First Theory-Oriented Research Group

This is an abstract for a talk to be given at the
Fifth Foresight Conference on Molecular Nanotechnology.
The full paper is now available.

 

Japanese nanotechnology as it is now proceeding is almost completely the outgrowth of work in semiconductor processing (nanostructures) and micromachines. "Nanotechnology" is taken to refer at present to the construction of nanostructures on semiconductors and other inorganic surfaces. At present, the semiconductor-inorganic efforts are driven mainly by the consortia (government and business) investigating future technology for computers. Japan is also seeing the rapid development of equipment for use at the nanometer level (STMs and AFMs) and its integration into the research laboratory.

Biotechnology still remains separate from nanotechnology efforts. Over the last two years, certain areas of interdisciplinary research linking biotechnology and electronics which could have lead further towards the development of nanotechnology in the Drexlerian sense have fragmented into separate sub-disciplines.
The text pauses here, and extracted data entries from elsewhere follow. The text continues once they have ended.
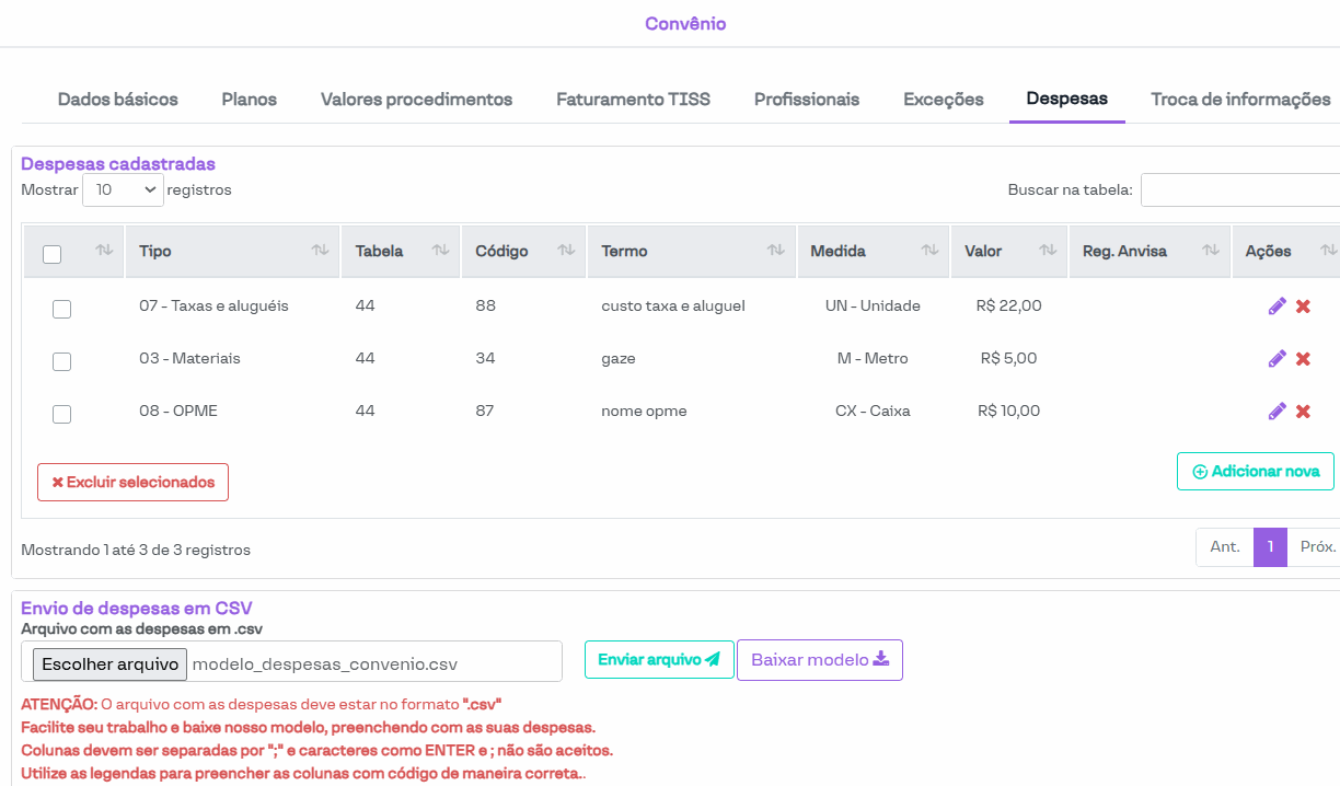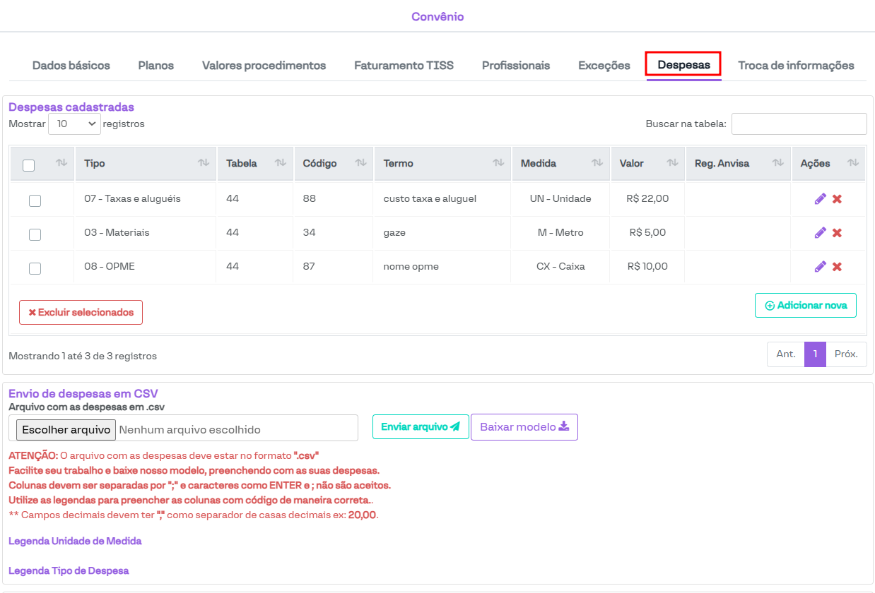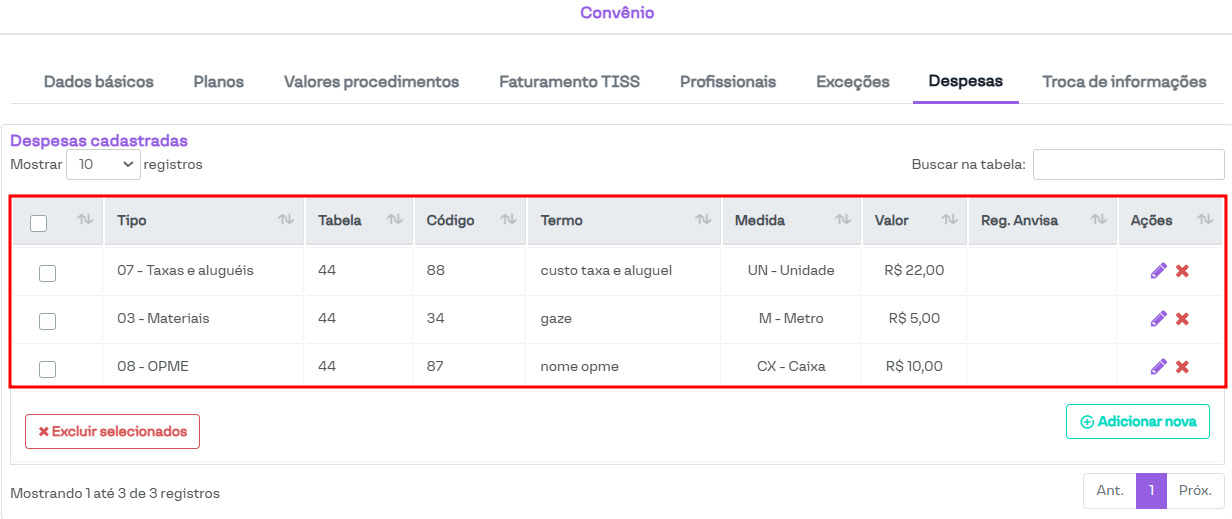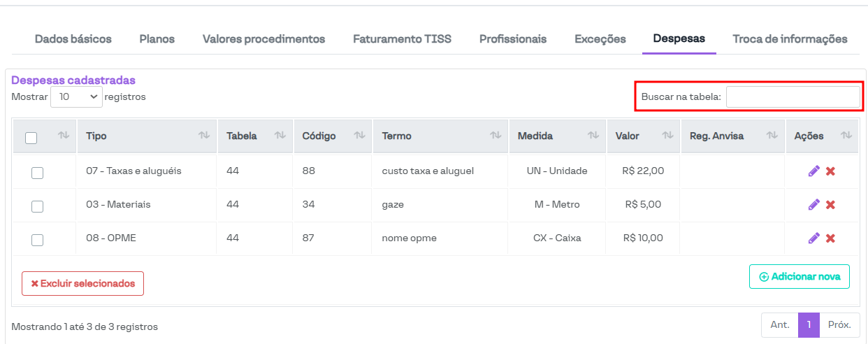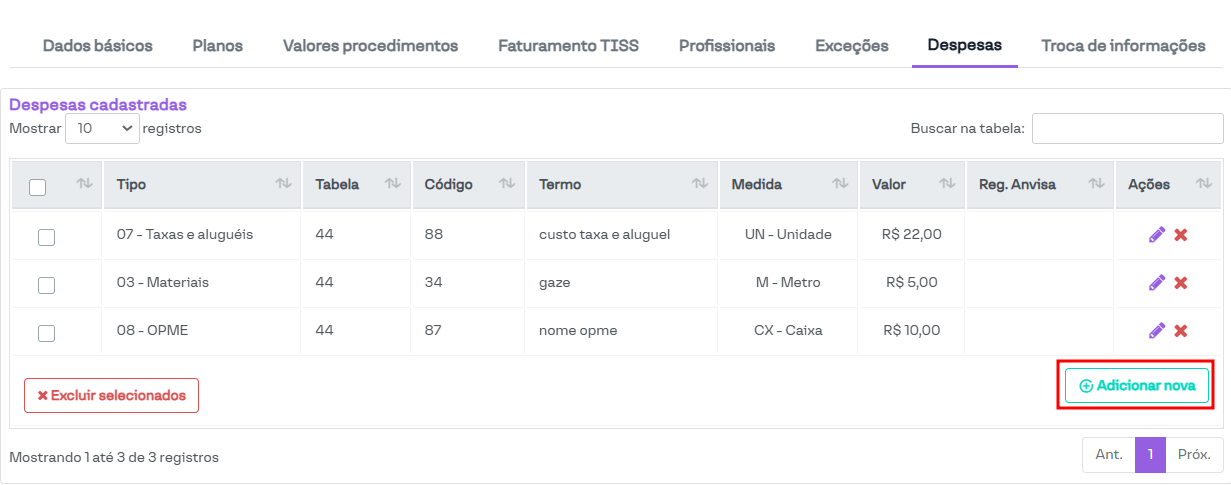 Nesta seção, é possível configurar procedimentos que não fazem parte das tabelas de procedimentos pré-configuradas (ou cujos parâmetros não estão de acordo com o necessário), além de cadastrar despesas utilizadas nas guias TISS.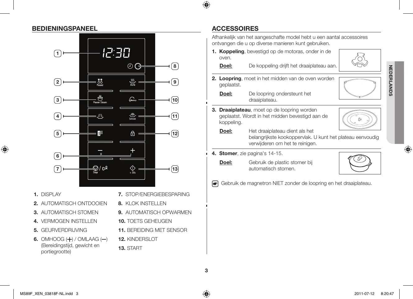 MS89F_XEN_03818F-NL.indd 2 2011-07-12 8:20:46 Bedieningspaneel Accessoires Afhankelijk van het aangeschafte model hebt u een aantal accessoires ontvangen die u op diverse manieren kunt gebruiken.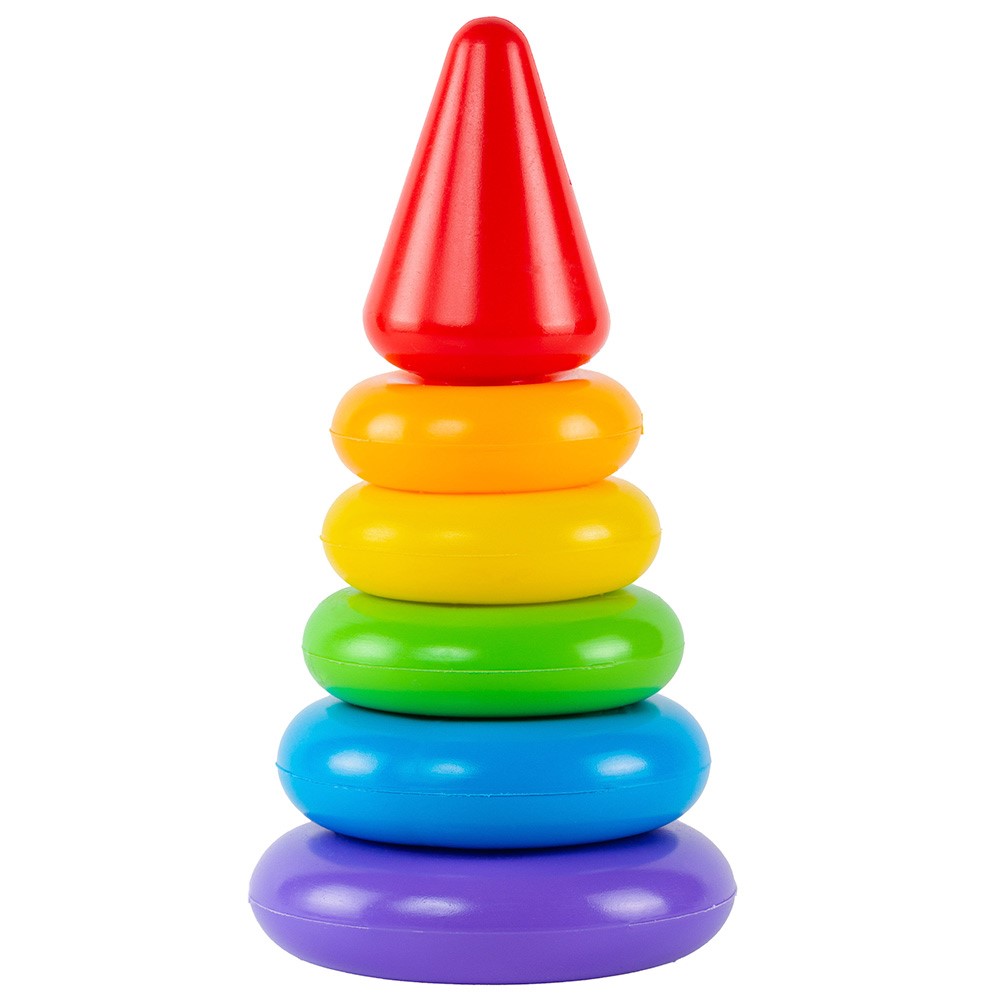 • Яркая пирамидка поможет малышу развить моторику и координацию рук, зрительное восприятие, умение различать цвета, логическое и образное мышление и тактильные ощущения.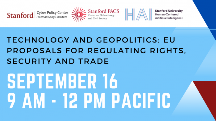The future of technology policy in Europe will be affected by growing nationalism and protectionism, cyber and national security threats, and great power rivalries. The aim of these workshops is to develop a more precise understanding of how the EU and its allies can collaborate to create compatible technology standards, build more resilient supply chain, and address novel opportunities and risks presented by emerging technologies.Join us on Sep. 16th from 9 am - 12 pm PST, for a webinar on EU legislative packages, digital trade rules, and cybersecurity & geopolitics. Our International Policy Director, Marietje Schaake, will introduce and moderate the event. We're currently finalising our exciting line-up of speakers and look forward to unveiling the final list shortly.This event is organized by the Program on Democracy and the Internet (part of the Cyber Policy Center and the Center on Philanthropy and Civil Society) and co-sponsored by the Institute for Human-Centered Artificial Intelligence.
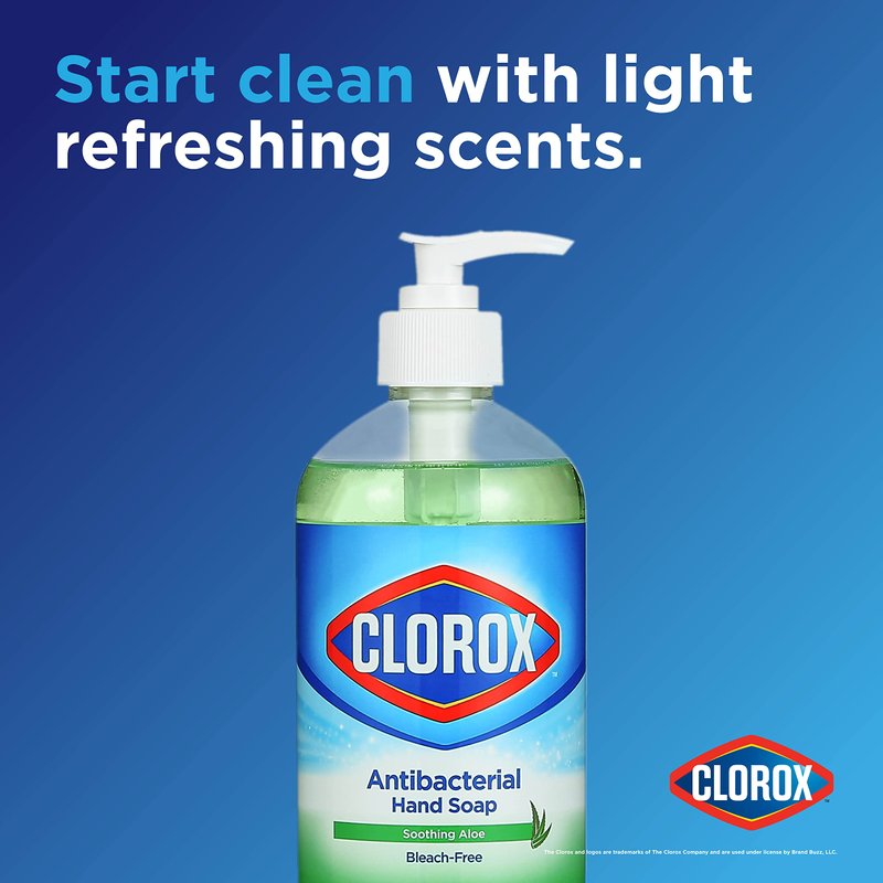 - ANTIBACTERIAL HAND SOAP KILLS 9999% OF GERMS - Feel good about getting clean with Clorox antibacterial soap! Easily eliminate germs and dirt The only thing left behind is the fresh aloe scent, making it perfect as bathroom hand soap or hand soap for kitchen
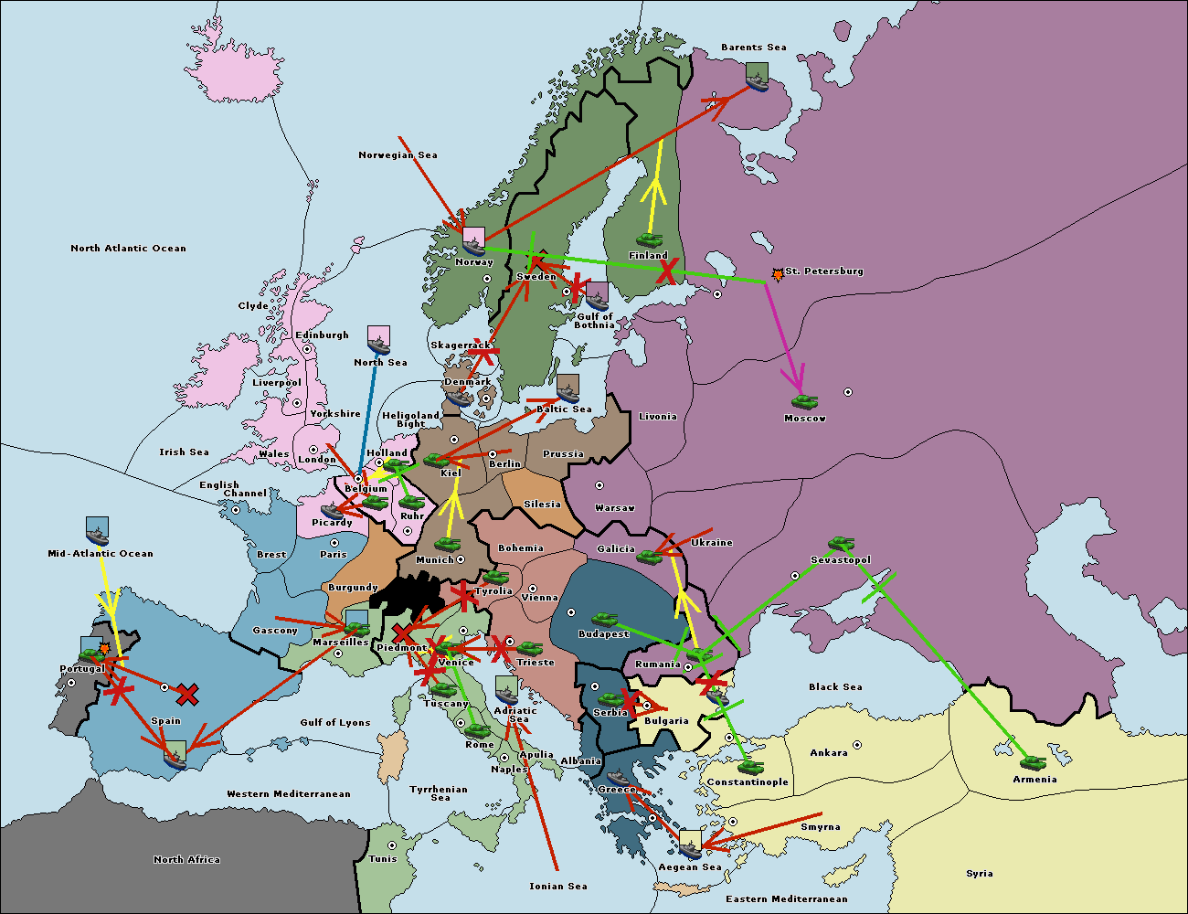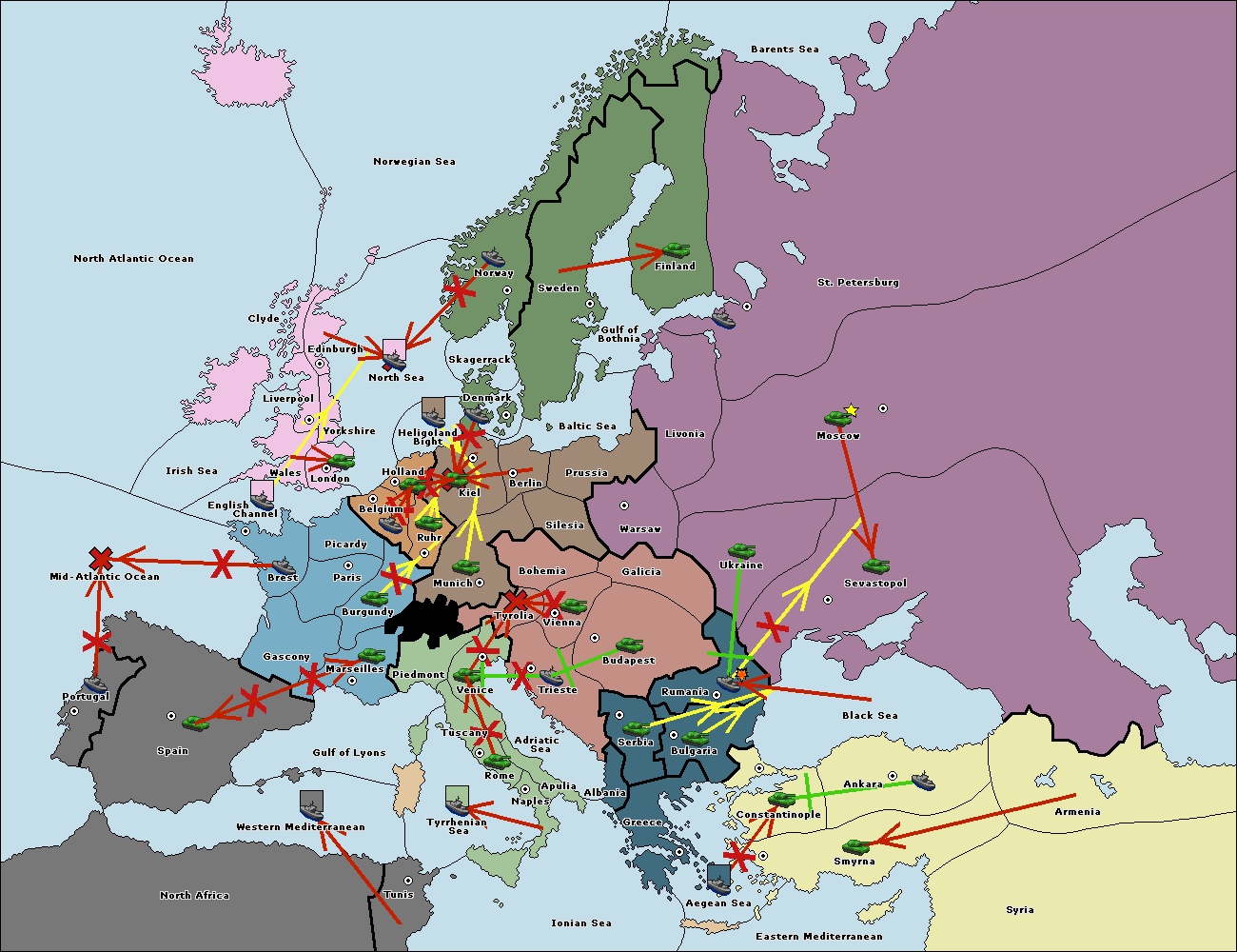 The fleet at Rumania support move to Sevastopol from Moscow.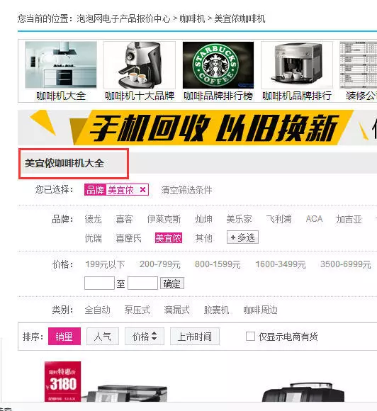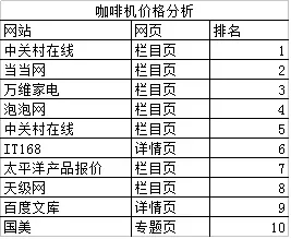 通過排名頁面類型的分析,以及通過關(guān)鍵詞的共性分析,價(jià)格類的關(guān)鍵詞,排名前10的站點(diǎn)頁面類型更偏向于是使用欄目頁面類型。如,咖啡機(jī)價(jià)格,排名前10的分別是一些商城的欄目頁。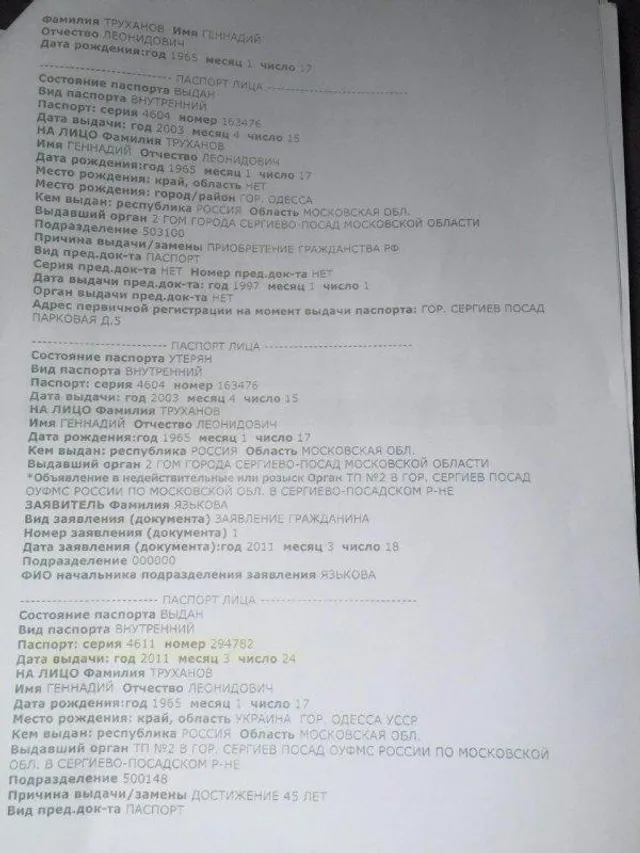"У мера Одеси, виходячи з документів, є навіть 2 російських паспорти, один виданий в Московській області, а інший — в Дагестані. Так що після Донецька, кадировці цілком можливо "приїдуть звільняти" Одесу. Труханов нібито втрачав паспорт, це послужило причиною отримання нового", — написав політик у блозі на "Українській правді".

The first part of this talk provides a quick overview of Japan's science and technology organizations and their respective areas of research. The second section is a summary of Japanese efforts in nanostructure research starting with government projects such as the Future Electronic Device project (MITI), JRCAT (Joint Research Center for Atom Technology), ERATO projects (STA), then moving to efforts by government/industry consortia (SELETE).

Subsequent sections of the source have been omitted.